╭─ DATA FOR THE TASK
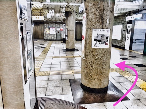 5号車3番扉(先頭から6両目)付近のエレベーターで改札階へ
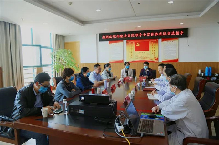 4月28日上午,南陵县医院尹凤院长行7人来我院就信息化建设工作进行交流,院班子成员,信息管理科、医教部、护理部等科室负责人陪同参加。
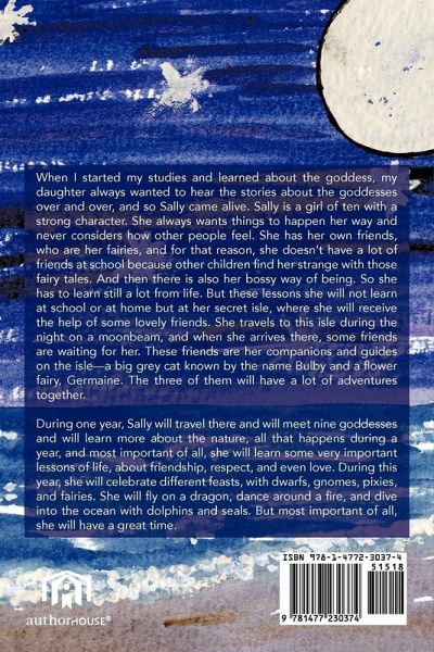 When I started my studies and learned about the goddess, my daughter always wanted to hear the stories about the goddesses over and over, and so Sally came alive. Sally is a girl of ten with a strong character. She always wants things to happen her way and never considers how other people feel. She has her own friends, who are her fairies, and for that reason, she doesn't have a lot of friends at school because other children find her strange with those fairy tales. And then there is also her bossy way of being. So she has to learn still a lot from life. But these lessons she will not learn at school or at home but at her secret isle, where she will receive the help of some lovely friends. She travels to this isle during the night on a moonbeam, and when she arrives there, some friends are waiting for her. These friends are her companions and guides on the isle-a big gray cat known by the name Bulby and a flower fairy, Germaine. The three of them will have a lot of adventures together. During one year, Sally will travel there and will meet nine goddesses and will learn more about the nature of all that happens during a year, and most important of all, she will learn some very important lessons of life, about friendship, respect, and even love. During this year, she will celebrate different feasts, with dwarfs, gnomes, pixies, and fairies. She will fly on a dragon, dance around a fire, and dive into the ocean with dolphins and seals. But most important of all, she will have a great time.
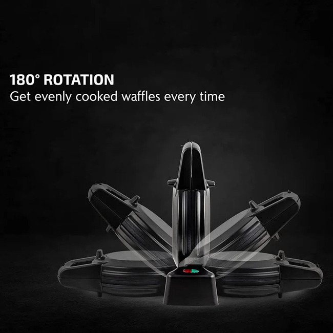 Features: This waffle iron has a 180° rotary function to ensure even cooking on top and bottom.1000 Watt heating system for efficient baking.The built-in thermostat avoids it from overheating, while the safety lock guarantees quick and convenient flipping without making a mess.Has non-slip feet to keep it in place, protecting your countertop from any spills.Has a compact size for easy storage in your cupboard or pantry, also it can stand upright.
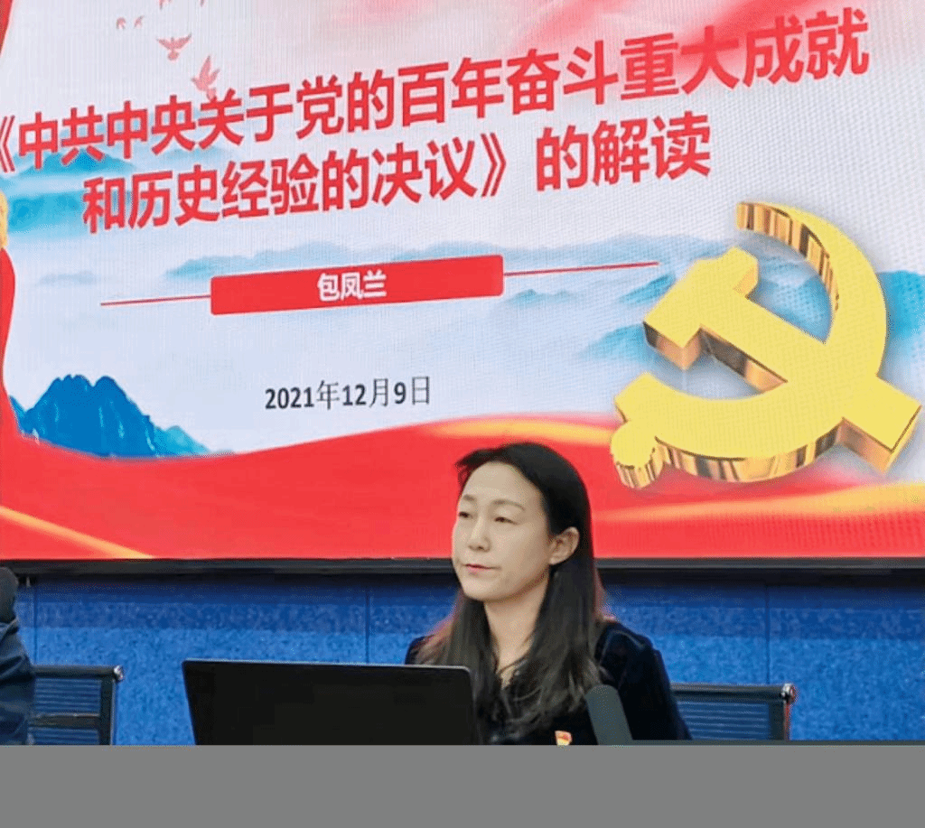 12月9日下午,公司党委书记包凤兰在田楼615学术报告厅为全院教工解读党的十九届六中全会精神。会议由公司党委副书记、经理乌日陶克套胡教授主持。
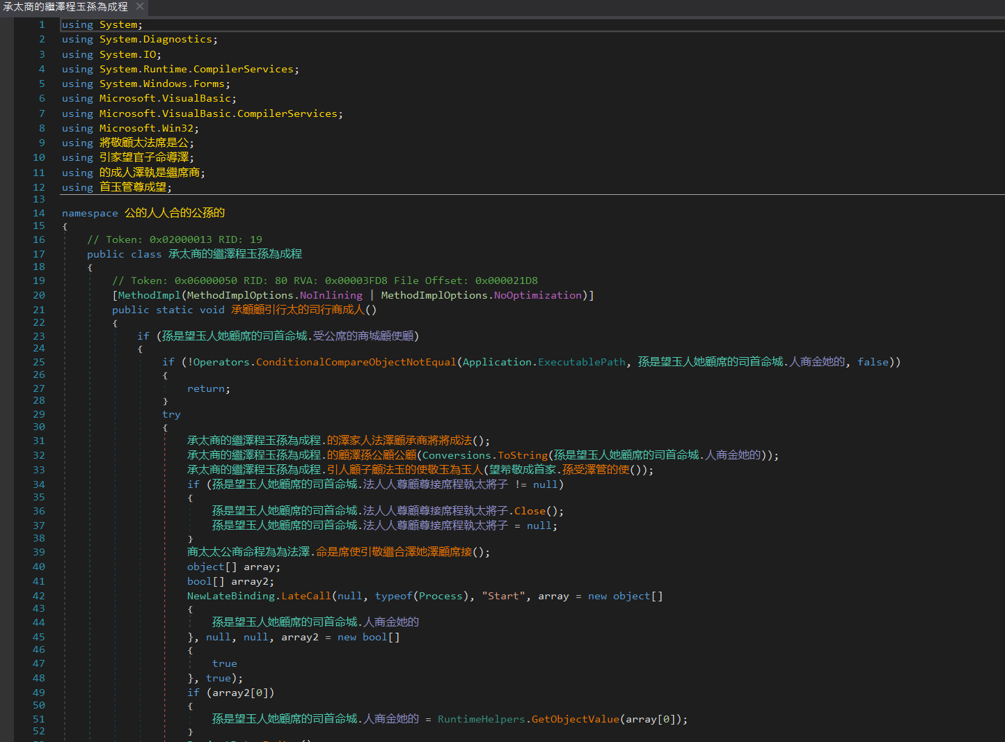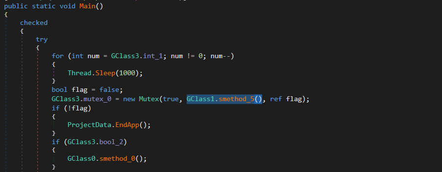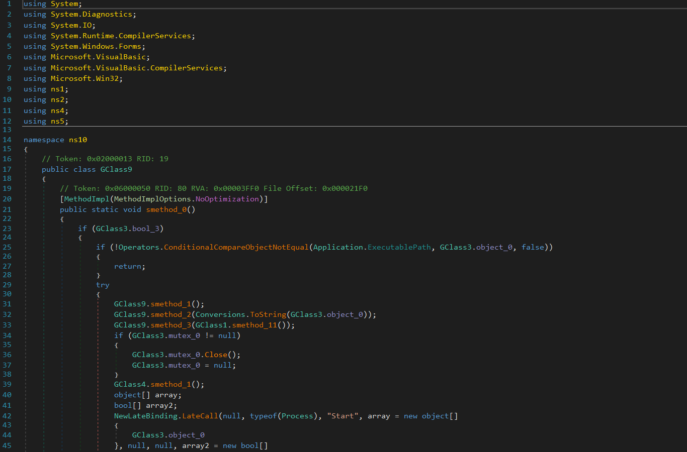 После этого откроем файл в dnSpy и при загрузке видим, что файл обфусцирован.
╰─
Print every entry above again without changing a word, and omit the pictures.

 5号車3番扉(先頭から6両目)付近のエレベーターで改札階へ
 4月28日上午,南陵县医院尹凤院长行7人来我院就信息化建设工作进行交流,院班子成员,信息管理科、医教部、护理部等科室负责人陪同参加。
 When I started my studies and learned about the goddess, my daughter always wanted to hear the stories about the goddesses over and over, and so Sally came alive. Sally is a girl of ten with a strong character. She always wants things to happen her way and never considers how other people feel. She has her own friends, who are her fairies, and for that reason, she doesn't have a lot of friends at school because other children find her strange with those fairy tales. And then there is also her bossy way of being. So she has to learn still a lot from life. But these lessons she will not learn at school or at home but at her secret isle, where she will receive the help of some lovely friends. She travels to this isle during the night on a moonbeam, and when she arrives there, some friends are waiting for her. These friends are her companions and guides on the isle-a big gray cat known by the name Bulby and a flower fairy, Germaine. The three of them will have a lot of adventures together. During one year, Sally will travel there and will meet nine goddesses and will learn more about the nature of all that happens during a year, and most important of all, she will learn some very important lessons of life, about friendship, respect, and even love. During this year, she will celebrate different feasts, with dwarfs, gnomes, pixies, and fairies. She will fly on a dragon, dance around a fire, and dive into the ocean with dolphins and seals. But most important of all, she will have a great time.
 Features: This waffle iron has a 180° rotary function to ensure even cooking on top and bottom.1000 Watt heating system for efficient baking.The built-in thermostat avoids it from overheating, while the safety lock guarantees quick and convenient flipping without making a mess.Has non-slip feet to keep it in place, protecting your countertop from any spills.Has a compact size for easy storage in your cupboard or pantry, also it can stand upright.
 12月9日下午,公司党委书记包凤兰在田楼615学术报告厅为全院教工解读党的十九届六中全会精神。会议由公司党委副书记、经理乌日陶克套胡教授主持。
 После этого откроем файл в dnSpy и при загрузке видим, что файл обфусцирован.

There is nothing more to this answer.